If daily activities are affected by symptoms and if a heart valve cannot be repaired surgically, then the valve must be replaced. Tissue valves may be provided by human donors or pigs; sometimes, mechanical replacements are used. In any case, valve replacement involves open heart surgery. The aortic valve is the most commonly replaced heart valve.
Nutrients are not able to diffuse quickly enough from blood in the chambers of the heart to supply all the layers of cells that make up the heart wall.
For this reason, the myocardium has its own network of blood vessels, the coronary or cardiac circulation (coron- crown). The coronary arteries branch from the ascending aorta and encircle the heart like a crown encircles the head.
While the heart is contracting, little blood flows in the coronary arteries because they are squeezed shut.
When the heart relaxes, however, the high pressure of blood in the aorta propels blood through the coronary arteries, into capillaries, and then into coronary veins.
Two coronary arteries, the right and left coronary arteries, branch from the ascending aorta and supply oxygenated blood to the myocardium.
The left coronary artery passes inferior to the left auricle and divides into the:
- Anterior interventricular (Both Ventricles)
- Circumflex branches (Left Ventricle & Left Atrium)

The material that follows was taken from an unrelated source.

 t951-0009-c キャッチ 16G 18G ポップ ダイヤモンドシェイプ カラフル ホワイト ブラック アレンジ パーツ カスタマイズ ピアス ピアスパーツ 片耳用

The anterior interventricular branch or left anterior descending (LAD) artery is in the anterior interventricular sulcus and supplies oxygenated blood to the walls of both ventricles.

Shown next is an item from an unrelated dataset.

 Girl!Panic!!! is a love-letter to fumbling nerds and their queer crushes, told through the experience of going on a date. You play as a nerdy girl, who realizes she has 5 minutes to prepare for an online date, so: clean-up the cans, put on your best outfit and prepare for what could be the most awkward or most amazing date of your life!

The circumflex branch (SER-kum-fleks) lies in the coronary sulcus and distributes oxygenated blood to the walls of the left ventricle and left atrium.
The right coronary artery supplies small branches (atrial branches) to the right atrium. It continues inferior to the right auricle and ultimately divides into the:
- Posterior interventricular (Both Ventricles)
- Marginal branch (Right Ventricle)
The posterior interventricular branch follows the posterior interventricular sulcus and supplies the walls of the two ventricles with oxygenated blood.
The marginal branch beyond the coronary sulcus runs along the right margin of the heart and transports oxygenated blood to the myocardium of the right ventricle.
Most parts of the body receive blood from branches of more than one artery, and where two or more arteries supply the same region, they usually connect.
These connections, called anastomoses), provide alternate routes, called collateral circulation, for blood to reach a particular organ or tissue.
The myocardium contains many anastomoses that connect branches of a given coronary artery or extend between branches of different coronary arteries. They provide detours for arterial blood if a main route becomes obstructed. Thus, heart muscle may receive sufficient oxygen even if one of its coronary arteries is partially blocked.
After blood passes through the arteries of the coronary circulation, it flows into capillaries, where it delivers oxygen and nutrients to the heart muscle and collects carbon dioxide and waste, and then moves into coronary veins.
Most of the deoxygenated blood from the myocardium drains into a large vascular sinus in the coronary sulcus on the posterior surface of the heart, called the coronary sinus (A vascular sinus is a thin walled vein that has no smooth muscle to alter its diameter.)
The deoxygenated blood in the coronary sinus empties into the right atrium. The principal tributaries carrying blood into the coronary sinus are the following:
- Great cardiac vein in the anterior interventricular sulcus, which drains the areas of the heart supplied by the left coronary artery (left and right ventricles and left atrium)
- Middle cardiac vein in the posterior interventricular sulcus, which drains the areas supplied by the posterior interventricular branch of the right coronary artery (left and right ventricles)
- Small cardiac vein in the coronary sulcus, which drains the right atrium and right ventricle
- Anterior cardiac veins, which drain the right ventricle and open directly into the right atrium
When blockage of a coronary artery deprives the heart muscle of oxygen, reperfusion, the reestablishment of blood flow, may damage the tissue further.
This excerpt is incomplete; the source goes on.